# WORK TASK
All of the data, except its images, should be set down exactly as it appears.

# INFORMATION PROVIDED
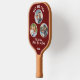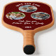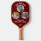 Best Dad Ever 3 Photos Father`s Day Keepsake Pickleball Paddle. 3 pictures in a circle frame on a dark red background. Add 3 photos, text and year. A perfect sports gift and a sweet keepsake for Father`s Day for father or grandfather.
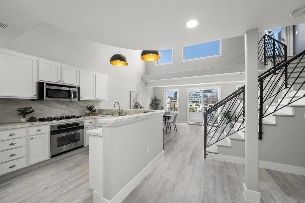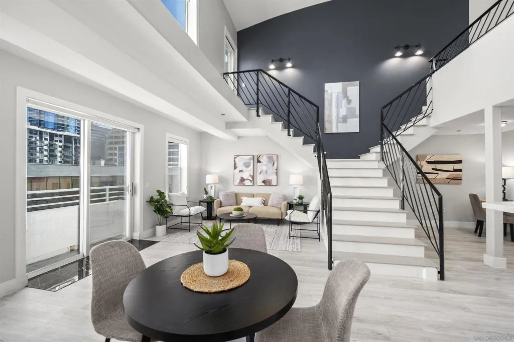 PRICE IMPROVEMENT! TOP-FLOOR, CORNER UNIT, 2-STORY LOFT w/SPLIT GRAND STAIRCASE! Immerse yourself in the lively culture of LITTLE ITALY with its renowned restaurants, bars, and cafes like Born & Raised, Craft & Commerce, and the vibrant Piazza Della Famiglia. Enjoy proximity to the San Diego Bay, Waterfront Park, and the Farmer’s Market, all within 3 blocks! This one-of-a-kind unit offers 1,055 square feet of modern living with an open loft-style bedroom and 2 full bathrooms. As you step inside, you’ll be greeted by towering 20-foot ceilings and brand new luxury vinyl flooring. This fully remodeled kitchen features elegant marble counters with a wraparound bar, perfect for hosting and entertaining. Enjoy the convenience of an In-Unit Full Size Washer/Dryer, and unwind on one of the two oversized private balconies. This loft-style penthouse is thoughtfully designed with a double staircase adorned with custom wrought iron railings, providing an artistic touch to the space. The upstairs area offers a full bath, loft style bedroom, Walk-In Closet, Balcony, and automatic blinds. Downstairs offers 1 full bath and a flex-space to be used as an optional bedroom, den, or office. 1 assigned, oversized, underground parking spot, that includes storage and additional space options (see pics). Village Walk amenities include a beautiful common courtyard with a waterfall, large fitness center, and a community rec room for social gatherings. This top-floor gem offers the ultimate blend of comfort, luxury, and urban convenience. Make it yours today!
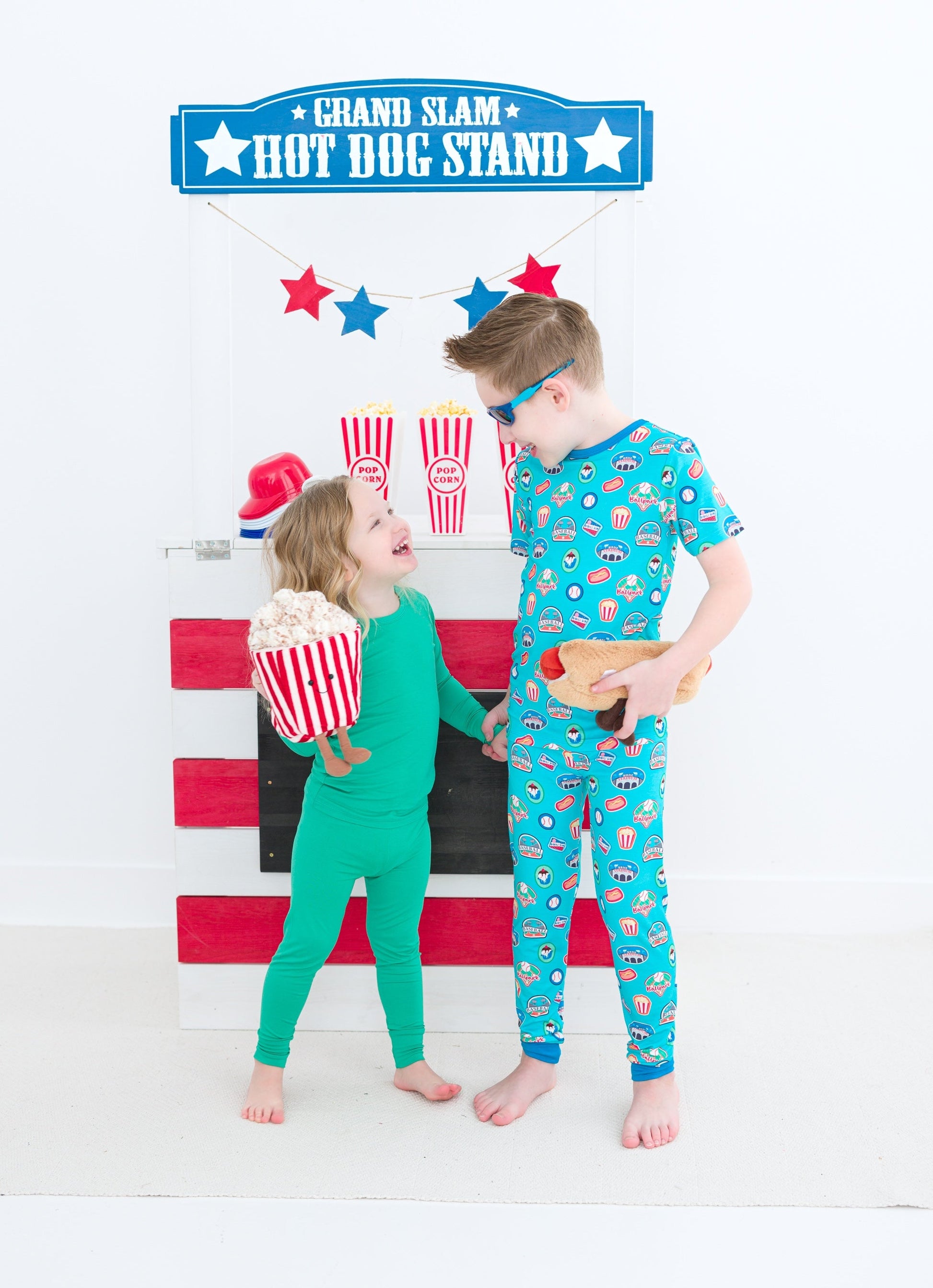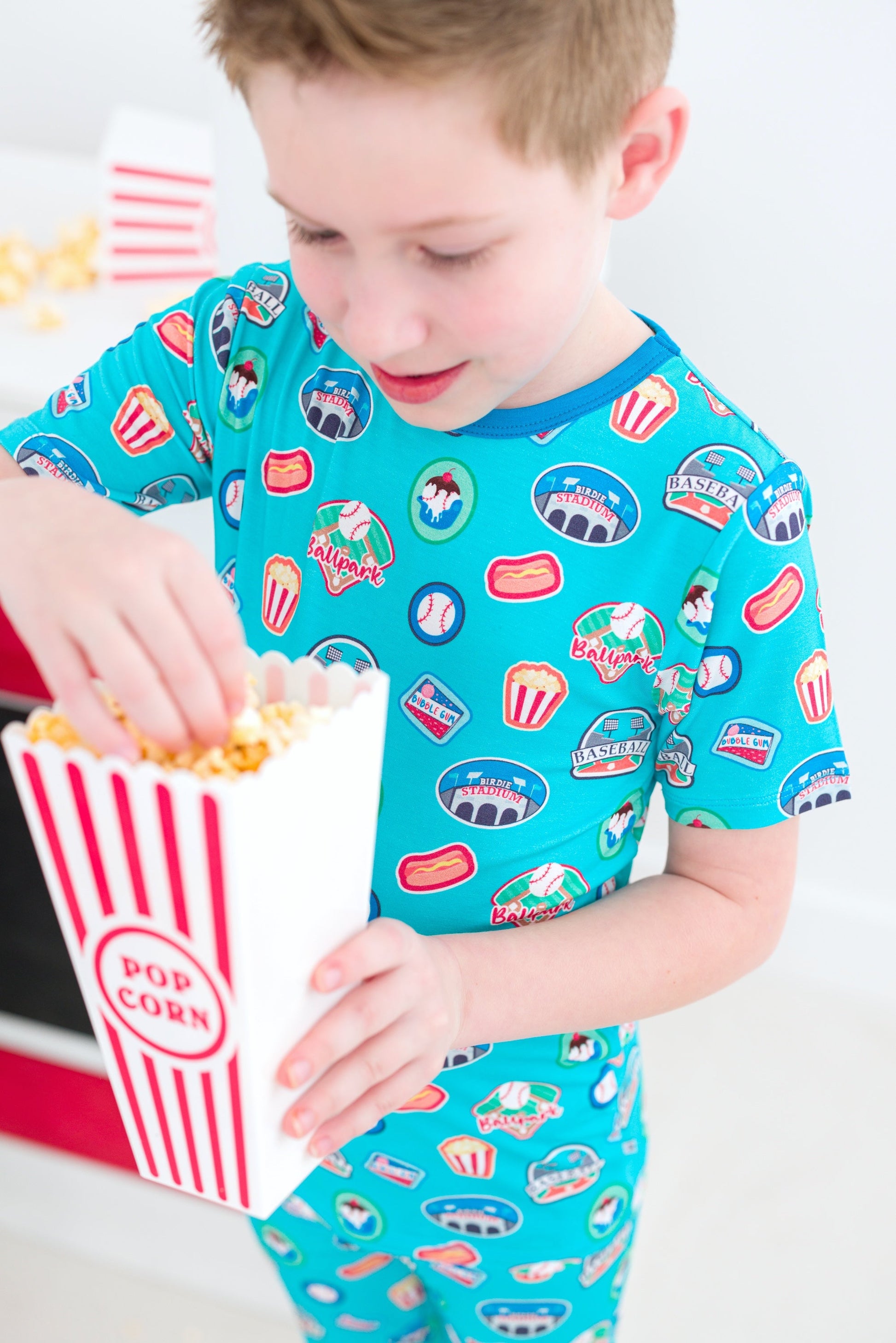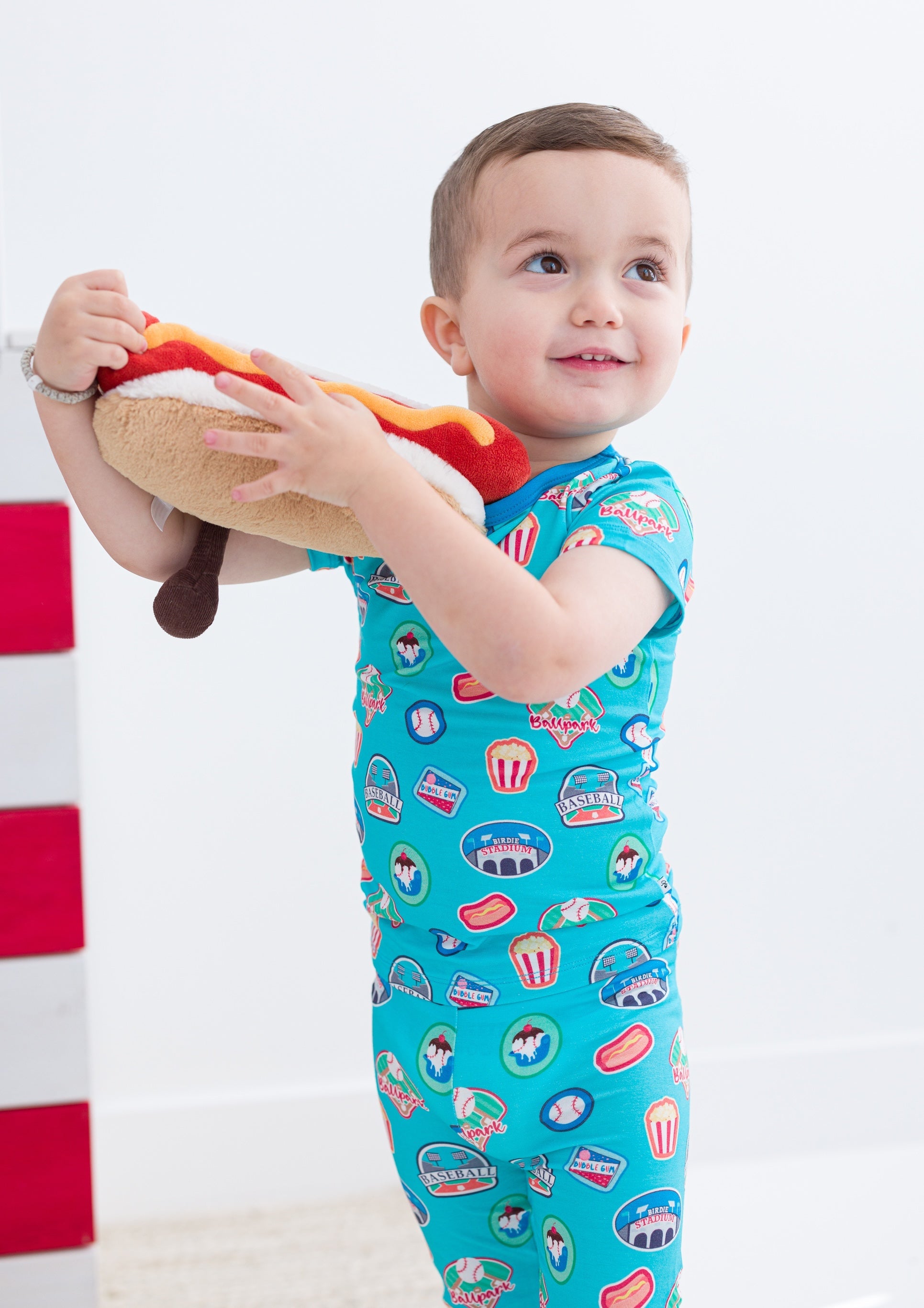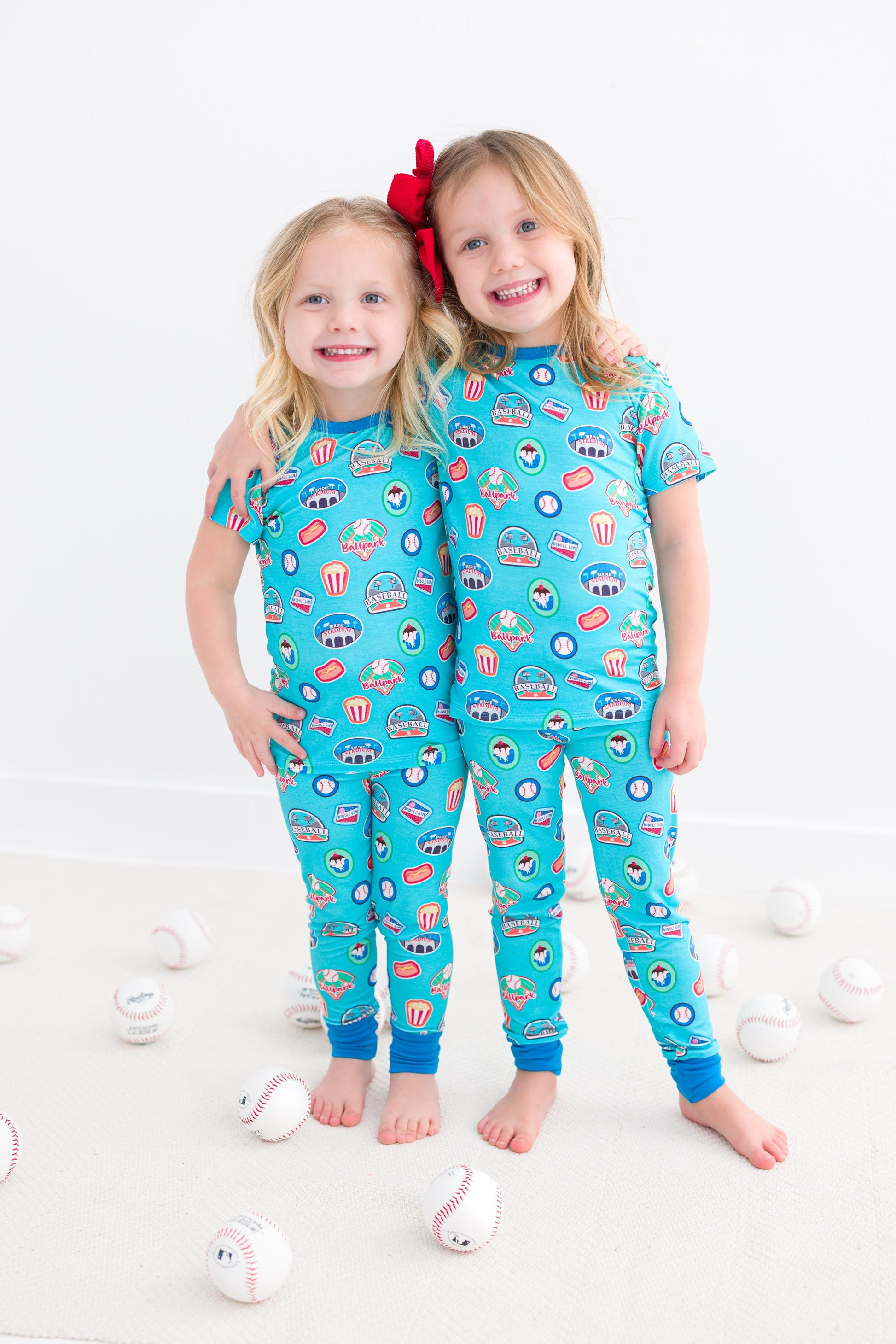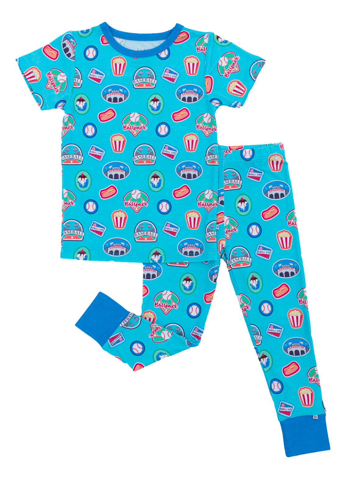 These baseball-themed pajamas are a dream come true for little sports fans! Made from a luxuriously soft blend of bamboo viscose and spandex, this breathable, stretchy set ensures all-night comfort while keeping bedtime extra fun with its adorable all-over print.

# ANSWER BOX
 Best Dad Ever 3 Photos Father`s Day Keepsake Pickleball Paddle. 3 pictures in a circle frame on a dark red background. Add 3 photos, text and year. A perfect sports gift and a sweet keepsake for Father`s Day for father or grandfather.
 PRICE IMPROVEMENT! TOP-FLOOR, CORNER UNIT, 2-STORY LOFT w/SPLIT GRAND STAIRCASE! Immerse yourself in the lively culture of LITTLE ITALY with its renowned restaurants, bars, and cafes like Born & Raised, Craft & Commerce, and the vibrant Piazza Della Famiglia. Enjoy proximity to the San Diego Bay, Waterfront Park, and the Farmer’s Market, all within 3 blocks! This one-of-a-kind unit offers 1,055 square feet of modern living with an open loft-style bedroom and 2 full bathrooms. As you step inside, you’ll be greeted by towering 20-foot ceilings and brand new luxury vinyl flooring. This fully remodeled kitchen features elegant marble counters with a wraparound bar, perfect for hosting and entertaining. Enjoy the convenience of an In-Unit Full Size Washer/Dryer, and unwind on one of the two oversized private balconies. This loft-style penthouse is thoughtfully designed with a double staircase adorned with custom wrought iron railings, providing an artistic touch to the space. The upstairs area offers a full bath, loft style bedroom, Walk-In Closet, Balcony, and automatic blinds. Downstairs offers 1 full bath and a flex-space to be used as an optional bedroom, den, or office. 1 assigned, oversized, underground parking spot, that includes storage and additional space options (see pics). Village Walk amenities include a beautiful common courtyard with a waterfall, large fitness center, and a community rec room for social gatherings. This top-floor gem offers the ultimate blend of comfort, luxury, and urban convenience. Make it yours today!
 These baseball-themed pajamas are a dream come true for little sports fans! Made from a luxuriously soft blend of bamboo viscose and spandex, this breathable, stretchy set ensures all-night comfort while keeping bedtime extra fun with its adorable all-over print.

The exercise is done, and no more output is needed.